Our project was primarily a development project geared toward providing support to teachers for understanding and identify activities where they could integrate or boost computational thinking. As such, the research wasn't designed to do a rigorous study of student outcomes. What we will have by the close of the project are case studies of teachers that include how their understanding has evolved, what steps they are now taking (or will take) to promote CT, and their assessment of how the activities moved the needle with their students, both in terms of CT and the underlying discipline (feedback from the different cohorts to this point has been positive).
Hampering any rigorous study of CT skills is the fact that there aren't any instruments that measure CT except as a part of a coding activity. Since our focus was not on doing that coding, it is difficult for us to envision how we would measure CT skills in isolation (much like it's difficult to measure the science or mathematical practices from NGSS and CCSS in isolation).

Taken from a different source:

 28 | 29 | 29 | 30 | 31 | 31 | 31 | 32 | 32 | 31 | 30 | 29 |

It would make for some very interesting work to try to do so, perhaps dovetailing on the work in process that is addressing CT through programming-based assessments.
Feng Liu
Researcher
Thanks for the detailed explanation, Kevin!
Nancy McGowan
Instructional Math Coach
Using the "Oh Deer!" game as a means of collecting data was perfect! Student explanations and the ability to make meaningful connections were clear. You have taken a very difficult abstract concept and placed it in a context that allows the students to relate. Great work!
Kevin Waterman
Project Director
Thank you, Nancy! It helps to have started from an activity with such a rich background. I, along with colleagues here at EDC, continue to mull over ways to expand (and explode) the activity to allow for a stronger connection to how habitats operate as well as give students more of a chance to identify their own rules and perhaps even build out their own computer models, even at an early age. So many things to think about!
Ari Krakowski
Hi Kevin, the populations model is such a great example of integrating CT concepts with science concepts! I'm curious how you approached the design of the modules, in terms of which science concepts to address, as well as which CS/CT concepts.

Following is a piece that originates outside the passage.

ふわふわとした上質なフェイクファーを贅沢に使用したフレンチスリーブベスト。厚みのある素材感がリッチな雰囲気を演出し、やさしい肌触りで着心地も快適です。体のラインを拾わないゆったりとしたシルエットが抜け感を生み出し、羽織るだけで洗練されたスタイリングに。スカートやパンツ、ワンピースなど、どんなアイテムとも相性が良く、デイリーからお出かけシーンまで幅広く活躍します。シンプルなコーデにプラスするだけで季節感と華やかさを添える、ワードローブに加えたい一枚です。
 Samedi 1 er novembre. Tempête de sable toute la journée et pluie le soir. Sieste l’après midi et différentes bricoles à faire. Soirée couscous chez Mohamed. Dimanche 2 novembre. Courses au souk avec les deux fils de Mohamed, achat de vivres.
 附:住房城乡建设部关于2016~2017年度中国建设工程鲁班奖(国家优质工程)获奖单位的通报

Thanks for sharing your work!
Kevin Waterman
Project Director
The project began by having small teacher teams (around 5) look at model curriculum units that the state of MA had developed under a Race to the Top grant. About half of the modules ultimately available have those as their basis, with the teacher teams working in tandem with subject matter experts at EDC. Other modules were either built from scratch by the teacher team (and refined and filled out by our curriculum developers) or written entirely in house.

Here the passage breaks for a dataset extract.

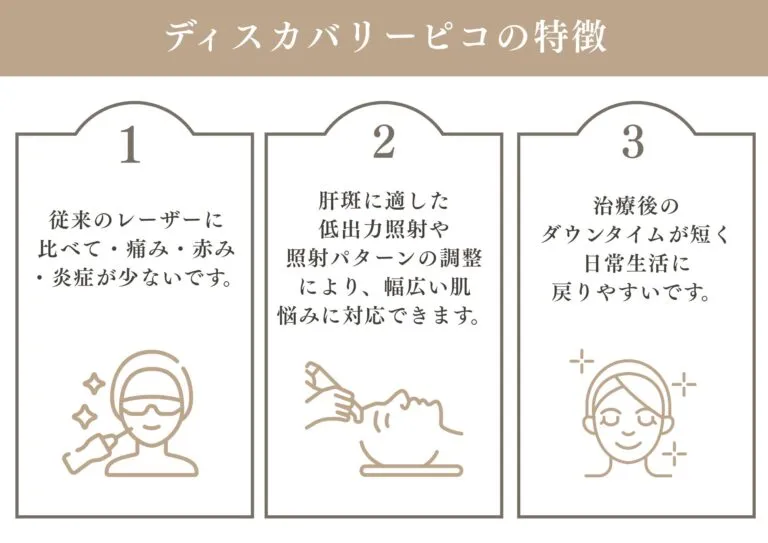 ディスカバリーピコプラスは・532nm・694nm・1,064nmの3つの波長を照射することができ、お肌のお悩みに合わせて照射することができるレーザー治療です。 短時間でレーザーを真皮に届け、正常な皮膚組織へのダメージを最小限に抑えつつ、色素細胞のみに働きかけます。照射後はかさぶたを形成します。2週間後に再診していただき、治療効果を判定します。一部残っている場合は再度照射します。いったんとれたしみですが、とれたあと1ヶ月くらいして再び濃くなる(炎症後色素沈着)ことが多いため、数ヶ月の間、美白剤(ハイドロキノン)とビタミンA誘導体(トレチノイン)を外用していきます。 肝斑は通常のレーザー照射ではかえって悪化させてしまいます。弱いパワーに落としたQスイッチYAGレーザーを回数を重ねて肌に照射していく、レーザートーニングという照射法を用いて照射していきます。最初は週1回を4、5回、その後は様子をみながら2−4週間に一度、total 10回程度の照射を行っていきます。
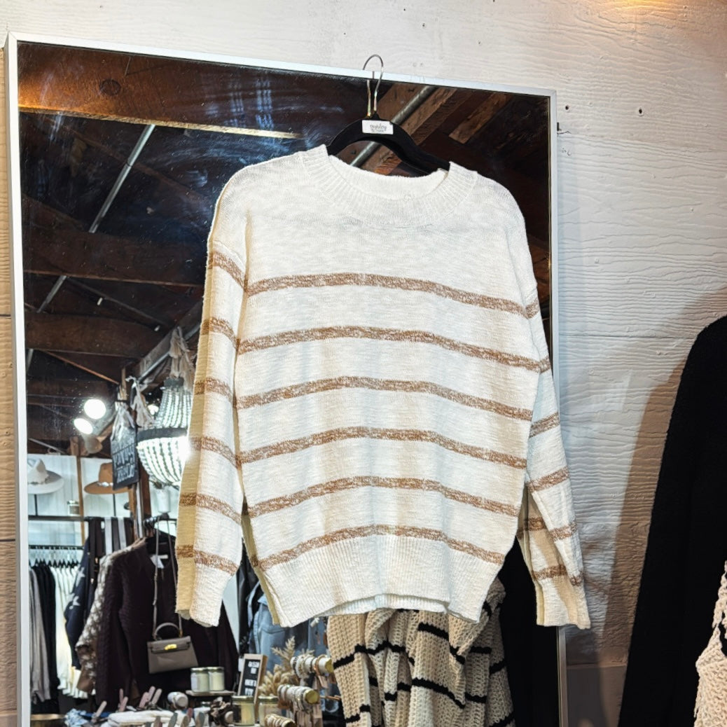 Lightweight, crochet striped Vneck sweater.

In this project, our goal (at the start, at least) was to look at existing units and see how we could shore up or expand connections to CT. In that regard, we tried to ground ourselves in the kinds of activities teachers would be working with already--with the goal of identifying what kinds of activities are ripe to integrate CT.
As we progressed, some of the activities we produced from scratch started with CT integration in mind from the start (several of the mathematics modules are like that). We are also working on a new project that is revising an old curriculum (Insights), and doing sort of a mixture of the two processes: we are starting from existing materials, but we are looking at where a CT-rich activity might fit and then recreating a lesson (or sequence) to more tightly integrate it.
Further posting is closed as the event has ended.